Have a question about this project? Sign up for a free GitHub account to open an issue and contact its maintainers and the community.

By clicking “Sign up for GitHub”, you agree to our terms of service and privacy statement. We’ll occasionally send you account related emails.

Already on GitHub? Sign in to your account

feat: Support prepend SQL comment for PG instrumentation #690

Merged
merged 6 commits into from
May 10, 2024

Conversation

keiko713
Copy link
Contributor

Currently, extract_operation method is simply extracting the first word before the space as an operation (as commented, this was borrowed from opentelemetry-js-contrib's pg instrument).

This works okay for most of queries, however, when Active Record Query Logs (known as marginalia) is used with the option of ActiveRecord::QueryLogs.prepend_comment = true, the query will start with a query comment and this extracting logic fails, making a span name as simply database name and leaving the operation empty.

This PR adds a simple logic to ignore any prepend query comment (with using /* comment */ way, not supporting -- comment type comment).
As Active Record Query Logs became part of Rails, we may see more and more folks use this likely with prepend_comment = true option, so it would be nice to support this with some minimal change.

Fixes #452

@linux-foundation-easycla
Copy link

linux-foundation-easycla bot commented Oct 12, 2023

CLA Signed

The committers listed above are authorized under a signed CLA.

@keiko713
Copy link
Contributor Author

I'm reading the specification for what db.operation should be, and wondering if this regex could be considered as "client-side parsing".

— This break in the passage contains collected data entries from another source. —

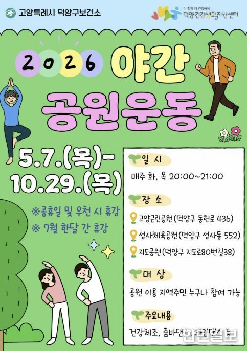 한민일보 서울포커스 김은금 기자 | 고양특례시 덕양구보건소는 오는 5월 7일부터 야간공원 운동교실을 운영한다.
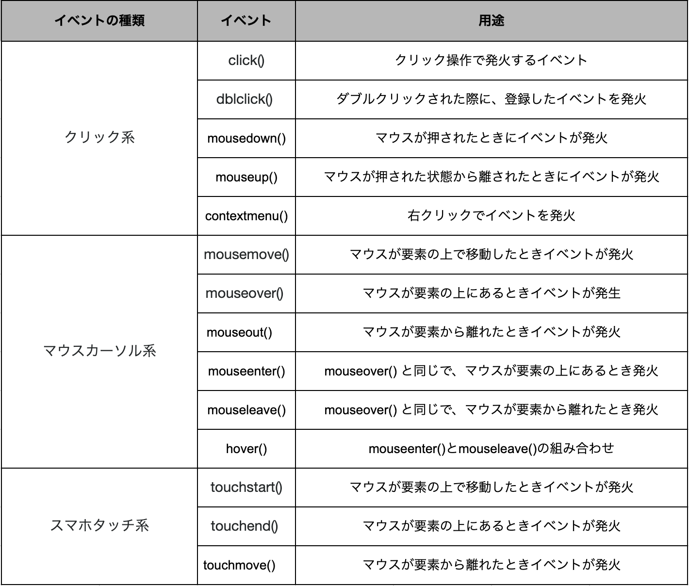 });マウスイベント
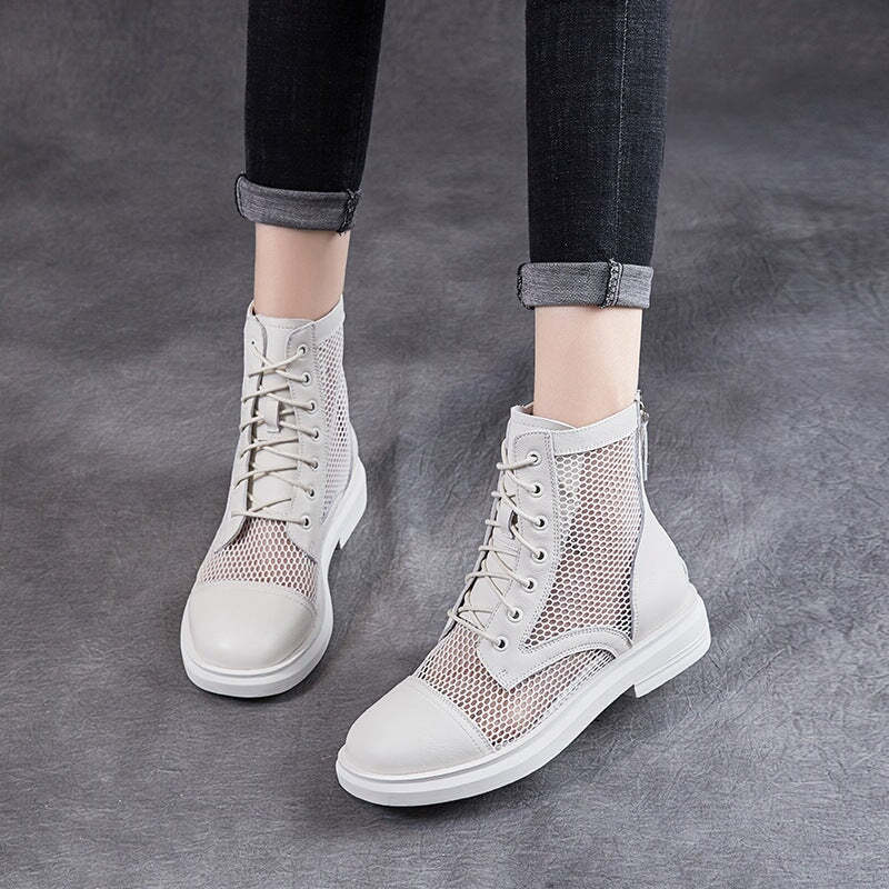 Handmade Genuine Leather Summer Boots Breathable Off White/Black
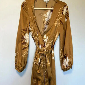 Express x Rocky Barnes gold floral ruffle wrap dress XS/S
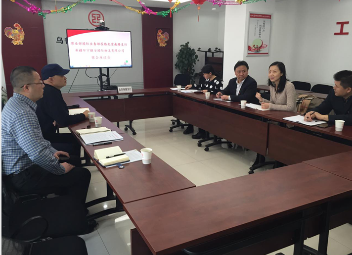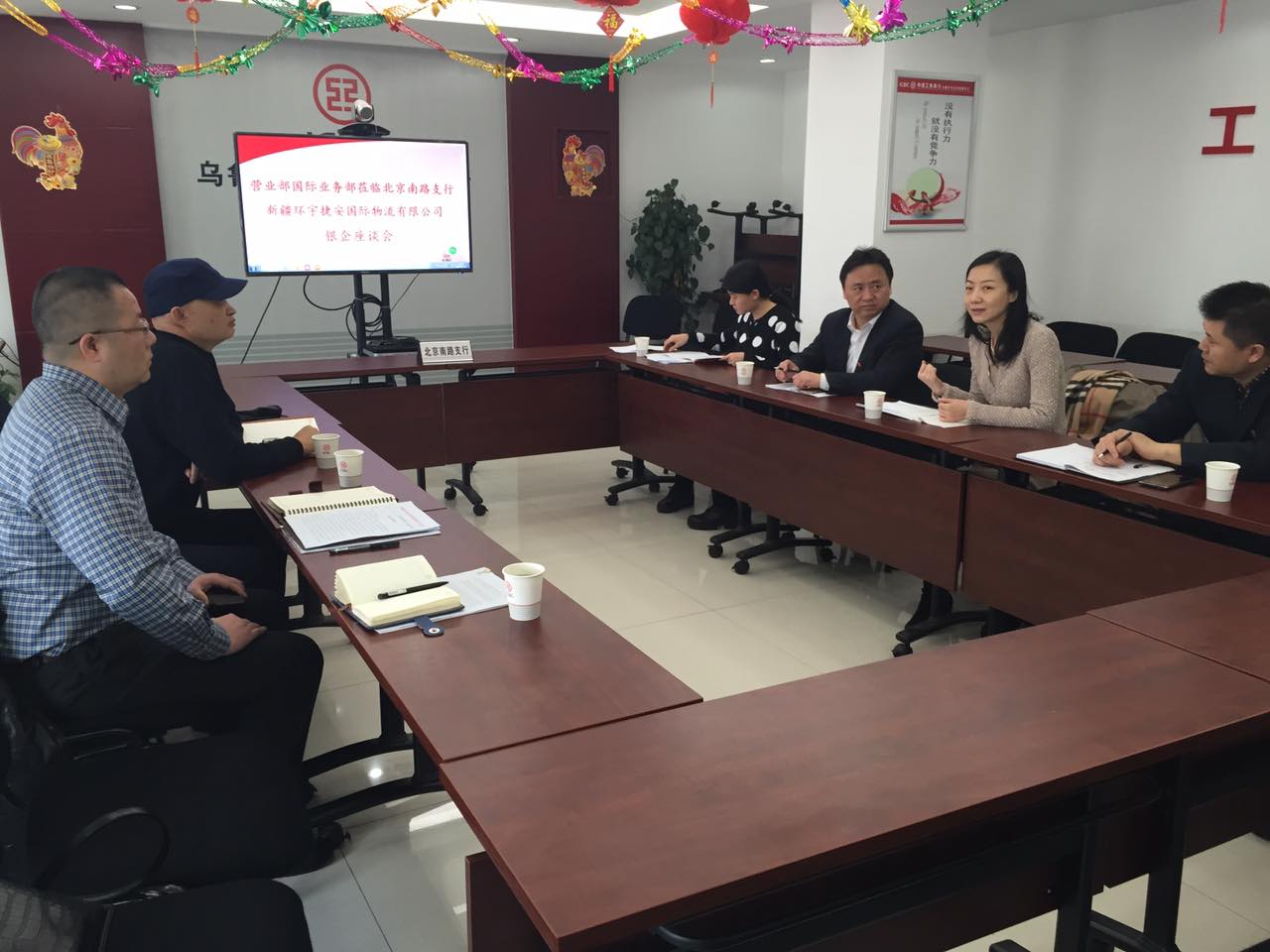 2017年2月16日上午11:30,假工行烏魯木齊市北京南路支行三樓多功能會議室,召開了工行與我公司關(guān)于購付匯的“銀企座談會”。參加本次會議的有---環(huán)宇捷安:李清貴董事長、梁志軍總經(jīng)理、涉外經(jīng)理麗薩;工行:自治區(qū)分行國際業(yè)務(wù)部副總經(jīng)理覃英、國際業(yè)務(wù)部執(zhí)行經(jīng)理朱玉文,工行北京南路支行李行長、支行涉外業(yè)務(wù)經(jīng)理夏小雙,共7人參加會議,會議由李行長主持。

https://opentelemetry.io/docs/specs/otel/trace/semantic_conventions/database/#call-level-attributes

When setting this to an SQL keyword, it is not recommended to attempt any client-side parsing of db.statement just to get this property, but it should be set if the operation name is provided by the library being instrumented. If the SQL statement has an ambiguous operation, or performs more than one operation, this value may be omitted.

Given that it's a small simple one, I hope that it's okay to tweak like this (this really helps readability of the tracing so I'd love to have this personally), but I understand if that's not the case. I'd appreciate any inputs!

@arielvalentin
Copy link
Collaborator

Thanks for your contribution.

We've got work already underway to address this problem in a separate PR #529

Would you be interested in helping us do some exploratory testing there?

@keiko713
Copy link
Contributor Author

Ariel, thank you for sharing that PR. I wasn't aware of it, and I'm excited to see that there is already a PR for this! I'm more than happy to assist in any way I can.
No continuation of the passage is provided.